I have a question related with the problem shown in the title.
I got a state space model of my system through calculations and it turns out to have a form as
follows
$\dot x(t)=Ax(t)+Br(t)+c$ where A and B are constant matrixes and x and r are state variable
and input, respectivley. The final term is a constant vector with same size as $x$ and I believe it is a
disturbance term. As you can see, it strictly is not linear but I want to make it a linear
form.
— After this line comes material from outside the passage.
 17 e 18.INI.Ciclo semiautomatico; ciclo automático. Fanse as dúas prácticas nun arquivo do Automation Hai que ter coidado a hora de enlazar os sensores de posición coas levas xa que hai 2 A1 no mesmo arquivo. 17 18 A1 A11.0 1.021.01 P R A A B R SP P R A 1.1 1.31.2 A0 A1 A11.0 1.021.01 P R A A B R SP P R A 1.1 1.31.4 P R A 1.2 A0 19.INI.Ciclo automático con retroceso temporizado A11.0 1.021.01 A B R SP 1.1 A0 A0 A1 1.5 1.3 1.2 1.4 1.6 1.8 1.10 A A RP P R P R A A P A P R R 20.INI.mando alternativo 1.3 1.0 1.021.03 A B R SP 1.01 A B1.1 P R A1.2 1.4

As I think, since $c$ can be regarded as an input(or disturbance) given to the system right at the
time reference denoted as $t = 0$, It may be represented as $w(t)=c*u(t)$ where
u(t) is a unit step function. In this way, it seems that I could get a state
space representation with multi-inputs
$\dot x(t)=Ax(t)+Br(t)+w(t)$
but I added a unit step function which was absent actually.
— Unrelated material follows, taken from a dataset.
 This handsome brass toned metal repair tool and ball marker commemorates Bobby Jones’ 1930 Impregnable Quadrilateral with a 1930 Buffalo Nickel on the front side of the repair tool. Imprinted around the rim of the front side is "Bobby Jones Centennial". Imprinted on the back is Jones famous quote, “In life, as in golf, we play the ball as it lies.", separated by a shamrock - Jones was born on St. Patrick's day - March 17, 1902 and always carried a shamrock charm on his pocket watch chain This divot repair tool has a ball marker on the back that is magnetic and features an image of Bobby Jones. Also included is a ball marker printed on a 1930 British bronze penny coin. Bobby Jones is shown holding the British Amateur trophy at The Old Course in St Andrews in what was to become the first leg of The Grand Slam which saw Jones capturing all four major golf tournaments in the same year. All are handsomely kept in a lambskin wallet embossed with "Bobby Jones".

I want to know whether doing like this is theoretically correct (not practical view). And if it's
correct, can I get some reliable reference (sth like a paper) on this?
Thank you.
Best,
This term could be considered as a shift in the input: $$r(t)=r'(t)+a$$
$$ \dot x(t)=A x(t)+B(r'(t)+a)+c $$
then
$$\dot x(t)=A x(t)+B r'(t)+ \underbrace{B a+c}_{=0}$$
Set $a$ in the way that $$Ba=-c$$
In cases where B does not have enough degrees of freedom to do that then it will be questionable whether the input can compensate the effect to $c$ at all.